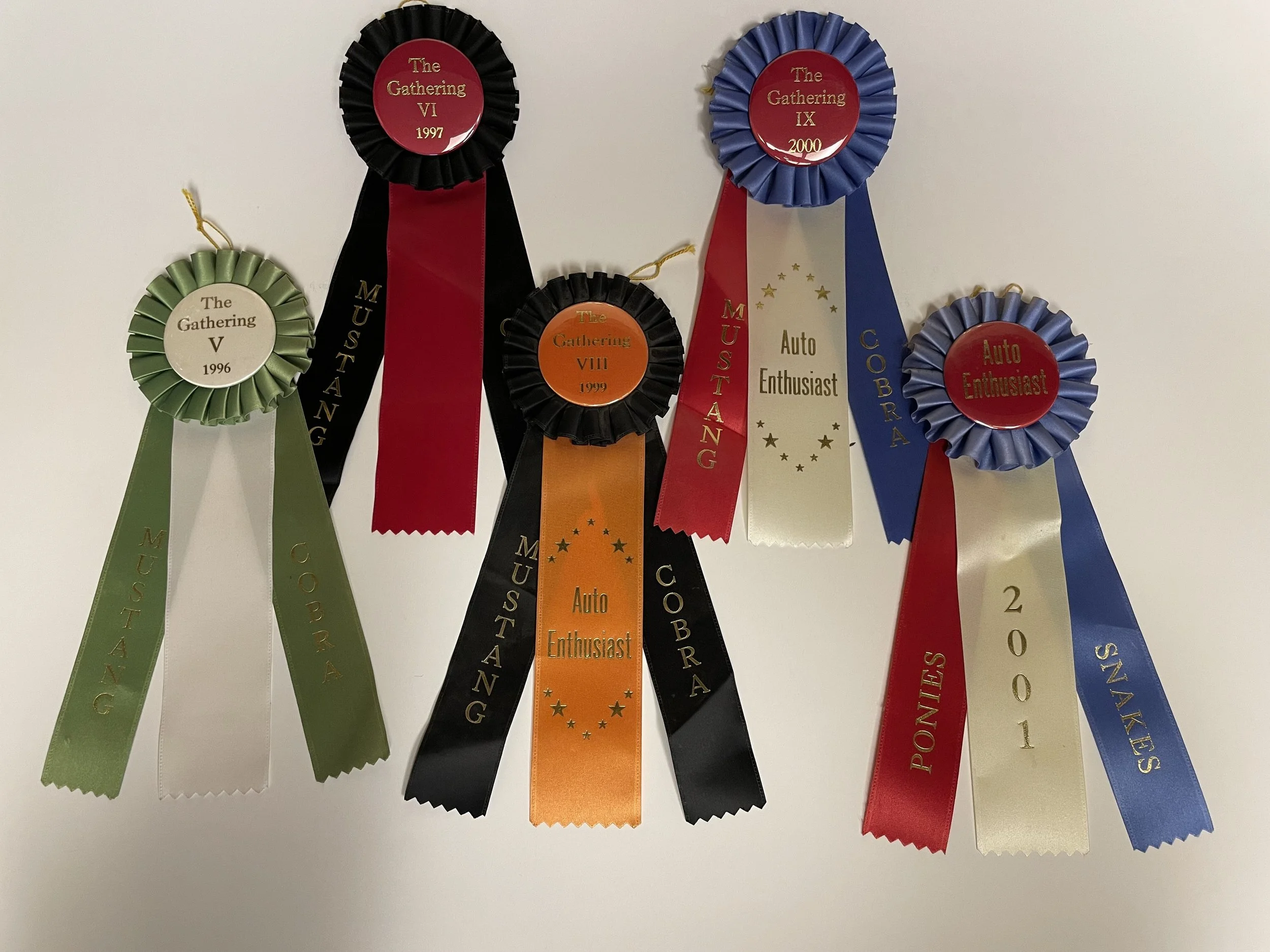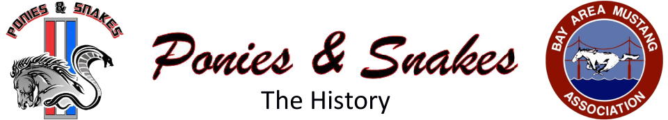 Before the name “Ponies & Snakes” was coined by the late BAMA member Don Olson, the club organized nine annual shows under the banner “The Gathering.” This was an informal display for Mustangs and Cobras at Danville Livery. It was co-hosted with a car-themed business which has been known variously as The Auto Enthusiast, Auto Affair and later The Paddock, which was in the shopping center and sponsored the commemorative ribbons which were awarded to all participants. The Gathering had a strong emphasis on the casual approach: there was limited organized parking and the event typically wrapped up around 1:00 pm.
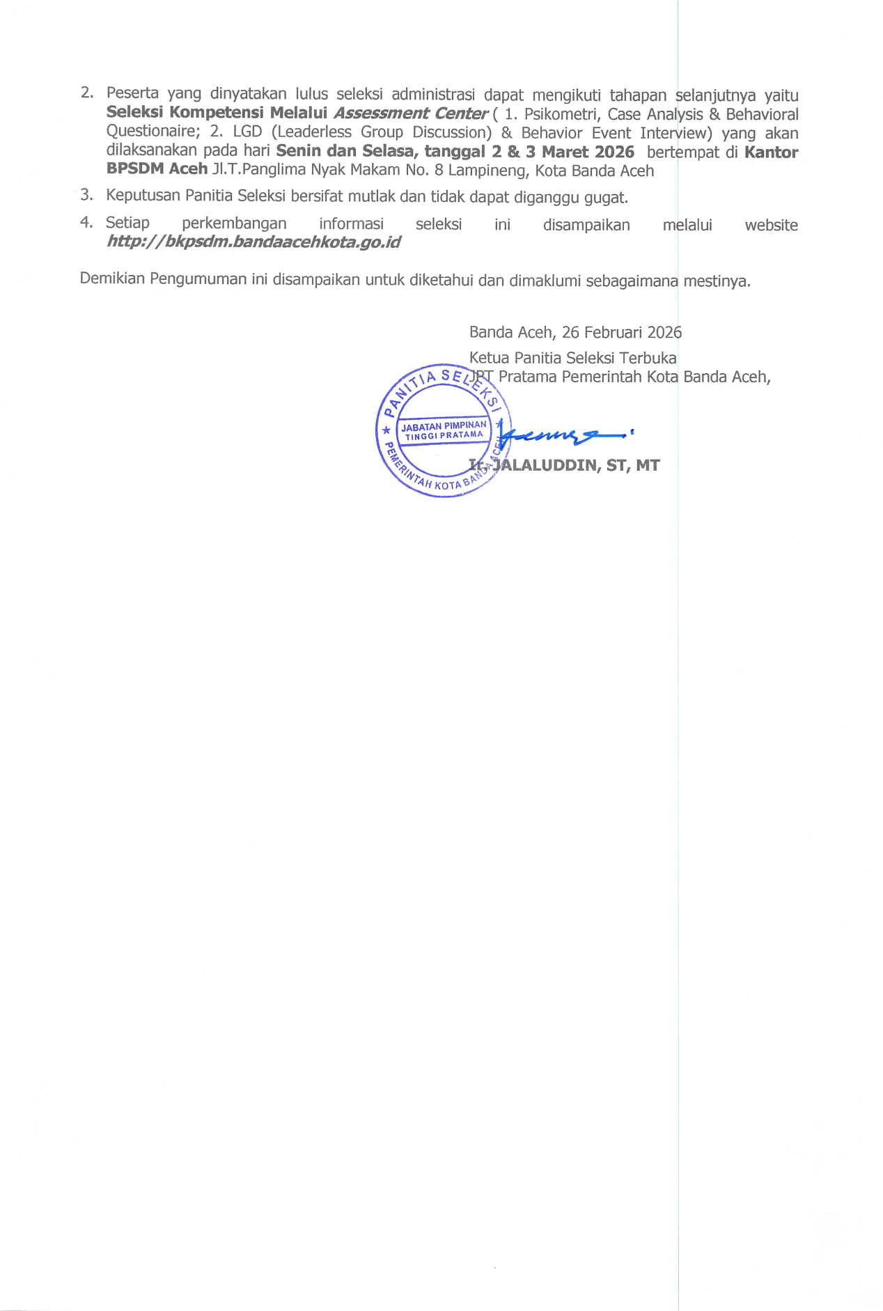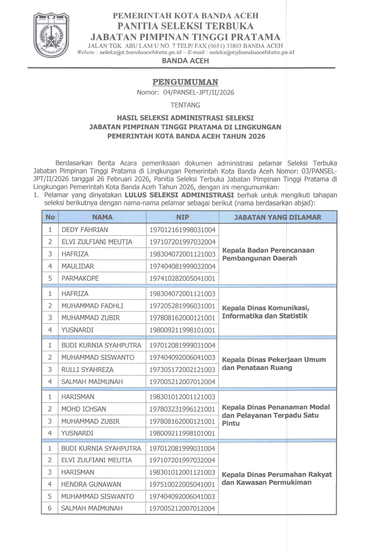 • Pengumuman Hasil Seleksi Administrasi Seleksi JPT Pratama Pemerintah Kota Banda Aceh Tahun 2026 26/02/2026
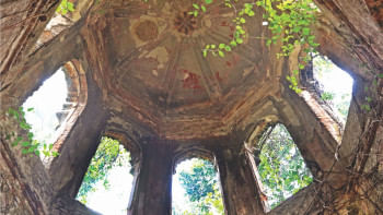 Its two-storied dome, supported by octagonal pillars with the carvings of celestial angels, has several wall inscriptions -- all vague and rugged after combating the weather over the centuries.
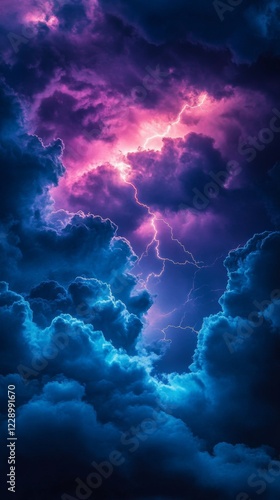 A dramatic scene with striking lightning cutting through dark clouds. Colors of purple and blue create a moody atmosphere. Perfect for backgrounds or themes. Generative AI
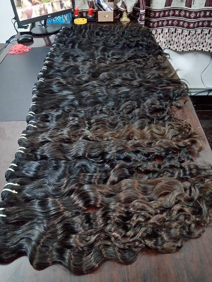 ผมชาวอินเดียแท้ยังไม่ผ่านการทำสารเคมีผมมนุษย์เป็นลอนแบบตรงตามธรรมชาติ
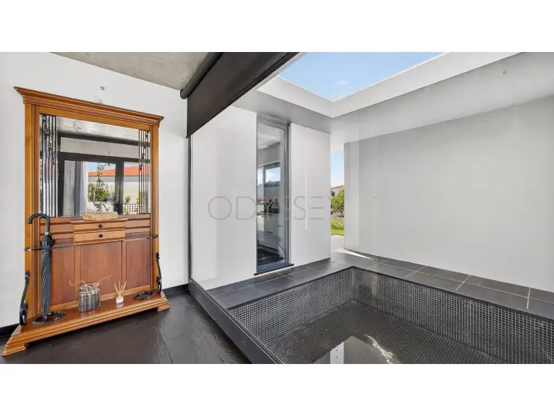 A arquitetura da villa enfatiza a luz, a abertura e a integridade material. As janelas do chão ao teto convidam à luz natural para as espaçosas áreas de estar, destacando os tons quentes dos pisos de madeira e as linhas industriais limpas do teto de concreto exposto. A escadaria flutuante cria um ponto focal escultural que realça o design minimalista da casa.
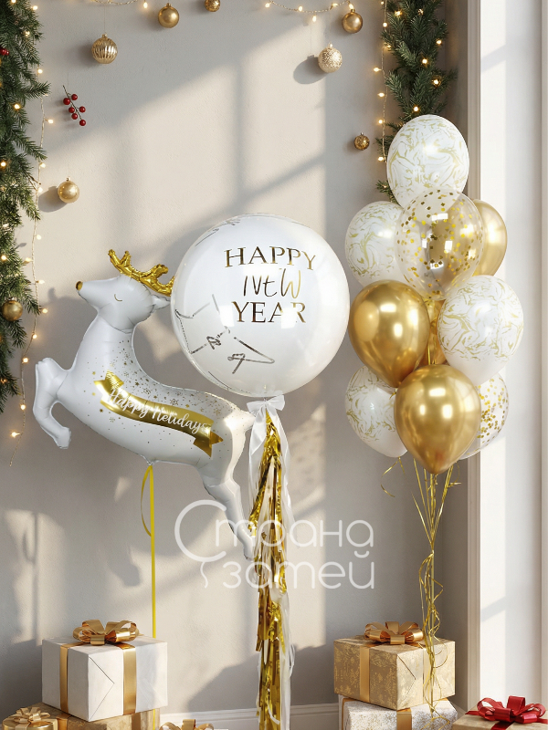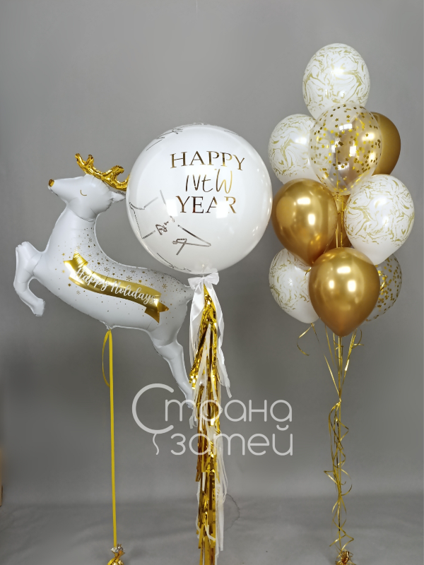 - Фонтан из 10 шаров: 4 хром, 4 с рисунком, 2 с конфетти

----------

■ **What the task requires**: Lines from the start of the listing above through the line holding "A dramatic scene" are to be duplicated exactly, and nothing more; leave out the pictures.

■ **Solution**:
 Before the name “Ponies & Snakes” was coined by the late BAMA member Don Olson, the club organized nine annual shows under the banner “The Gathering.” This was an informal display for Mustangs and Cobras at Danville Livery. It was co-hosted with a car-themed business which has been known variously as The Auto Enthusiast, Auto Affair and later The Paddock, which was in the shopping center and sponsored the commemorative ribbons which were awarded to all participants. The Gathering had a strong emphasis on the casual approach: there was limited organized parking and the event typically wrapped up around 1:00 pm.
 • Pengumuman Hasil Seleksi Administrasi Seleksi JPT Pratama Pemerintah Kota Banda Aceh Tahun 2026 26/02/2026
 Its two-storied dome, supported by octagonal pillars with the carvings of celestial angels, has several wall inscriptions -- all vague and rugged after combating the weather over the centuries.
 A dramatic scene with striking lightning cutting through dark clouds. Colors of purple and blue create a moody atmosphere. Perfect for backgrounds or themes. Generative AI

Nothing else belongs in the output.